4. Don’t underestimate the importance of media training. “This is an area that companies trip on,” Green says. “If you’re going to put C-level [executives] in the public eye, they need to have professional training.” Doing earnings calls is a different skillset than facing a camera, he says.

“Media training also has to be an interactive experience—it is not something you can learn in a class or from a book,” Hinton says. “It must include practice conducting interviews, ideally in both a sit down and standing format, and being videotaped. We often employ individuals to act is if they are reporters and set-up mock press conferences with individuals in the audience to increase realism. These techniques help professionals feel more comfortable when confronted with the real thing.”

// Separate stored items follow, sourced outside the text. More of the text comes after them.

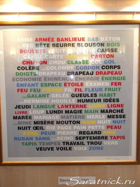 Здесь, как сказал Клод Фор, важно не только читать слово, но и произносить цвет, которым оно написано. В итоге слова обретают дополнительные значения и наполняются тем смыслом, который в них вложил художник, но тут уже без знания языка, как вы понимаете, не обойтись. Ну, например, слово «armée», написанное красным цветом (rouge), становится Armée rouge или Красной армией.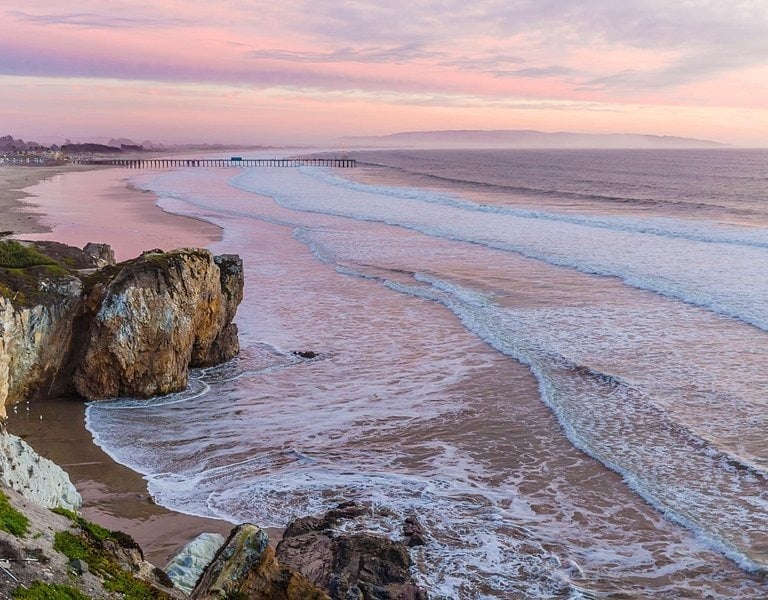 Pismo Beach is a great option for families who want a laid-back California beach trip with beautiful scenery and plenty of space to explore. The town has a relaxed coastal atmosphere and wide sandy beaches that are perfect for sandcastle building, beach walks, and watching surfers along the shoreline.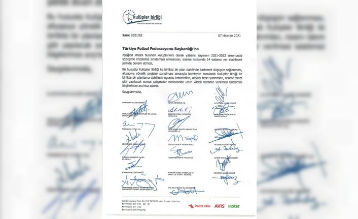 "Aşağıda imzası bulunan kulüplerimiz olarak yabancı sayısının 2021-2022 sezonunda sözleşme imzalama sınırlaması olmaksızın, esame listesinde 14 yabanı yer alabilecek şekilde devam etmesi,
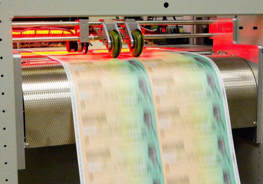 Economic stimulus checks are printed at the Philadelphia Financial Center May 8, 2008, in Philadelphia, Pennsylvania. (Photo by Jeff Fusco/Getty Images)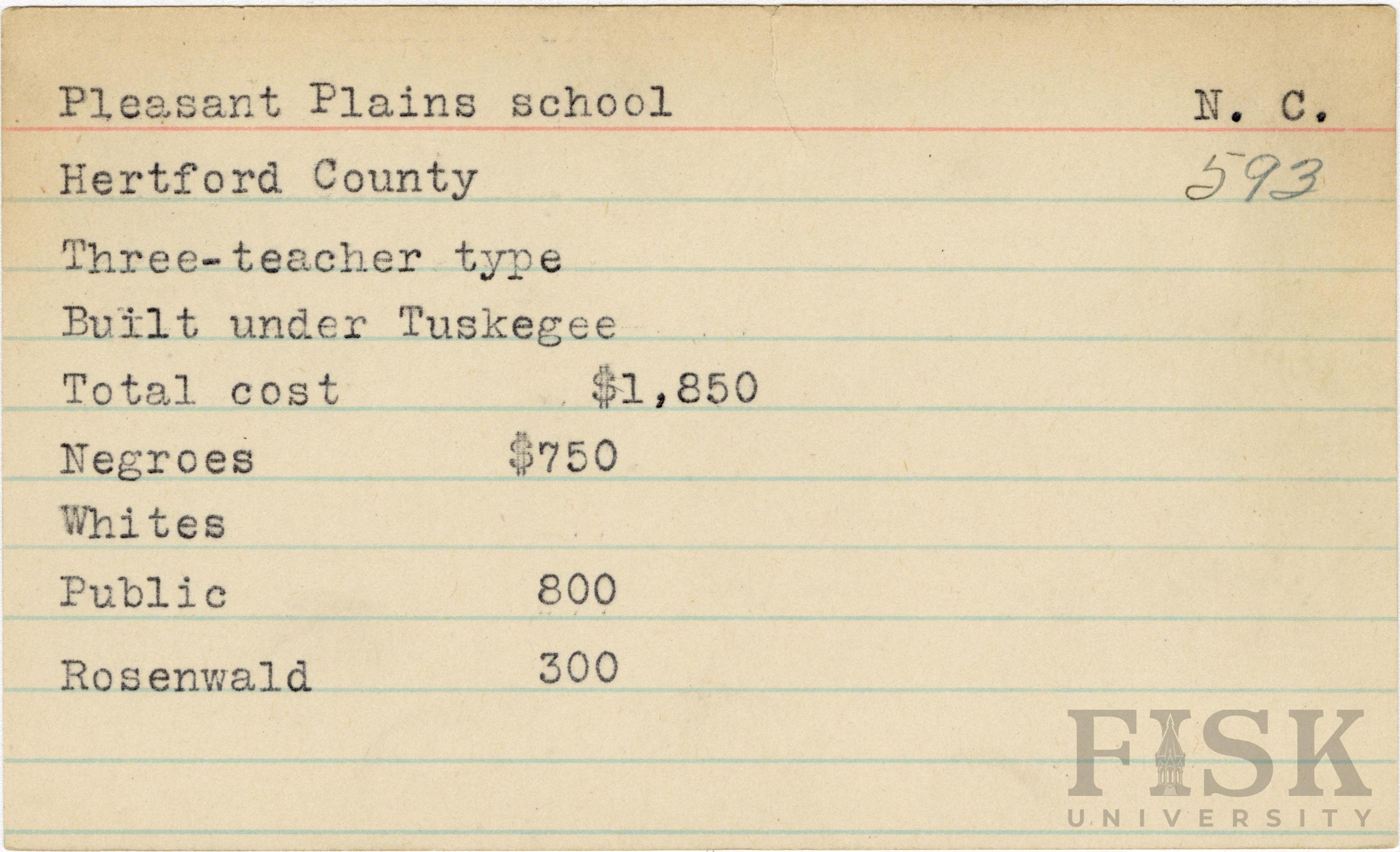 School card for Pleasant Plains School in Hertford County, North Carolina

Also, it helps to learn from the mistakes of others. “We often utilize video clips from press conferences and taped PR announcements to demonstrate what works and what doesn’t,” Hinton adds.

5. Review and revise your business continuity plan. “Business continuity is a component of a crisis management plan. It’s not one in the same,” Halter says. A crisis management plan considers additional elements that are important to the organization’s overall health, whereas a business continuity plan focuses on a checklist around functions of the organization.

“There are a lot of organizations that have a business continuity plan and don’t necessarily have a crisis management plan,” Halter says. “What I would say to them is that it is still very much possible to organize in real-time.”

A generic business continuity plan needs to be adapted and tailored to cope with the unique challenges posed by the coronavirus. Does the business have in place policies and procedures for working remotely? How do sick time, employee leave policies, and travel policies need to be adjusted during this uncertain time? What data privacy and security controls are in place with employees accessing personally identifiable information at home?

Asks Finch: Does the business have the technology bandwidth to cope with a remote workforce? Are internal systems configured, established, and robust enough to meet the “unprecedented surge in peak demand?”

6. Exercise scenario-planning drills. Hinton recommends exercising realistic scenarios that provide executives with an opportunity to practice crisis response in a safe environment. “It’s not too late to conduct exercising in the middle of the coronavirus outbreak, especially given the ‘long tail’ this crisis will likely have,” he says. “A longer-term focused coronavirus scenario provides executives a unique and experiential environment to think through tough issues in both the present and future as it relates to the outbreak that is far more effective than having a traditional executive meeting.”

7. Don’t forget about the recovery stage. Many companies make the mistake of spending significant time on the readiness and response stage of a crisis and often forget about the recovery stage, Hinton says. “Recovery, in its simplest form, is focused on how the organization transitions back to business-as-usual as a crisis starts to slow down and/or cease to exist,” he says.

Eventually things will slow down again, and when they do, one thing companies can do is a “crisis-focused lookback that provides the organization with insight into not only how they performed during the crisis (response evaluation), but how ready they were for the crisis in the first place (readiness evaluation),” Hinton says. “The insight gained in these reviews is invaluable, but many organizations don’t do them, and they end up making the same mistakes in the next crisis.”

8. Keep calm and carry on. “When you have so many things coming at you in a crisis scenario, it can be easy to get lost in the weeds,” Halter says. It’s important to pause and to constantly be tracking back to the company’s overall crisis management objectives—whether that’s maintaining a healthy workforce, managing the production of key facilities, or customer relations—and being willing to adjust course in real-time.

We are all experiencing an unprecedented time. “There will be error,” Halter says. “The key thing is how quickly you can assess the error or assess the adjustment that needs to be made and actually make it.”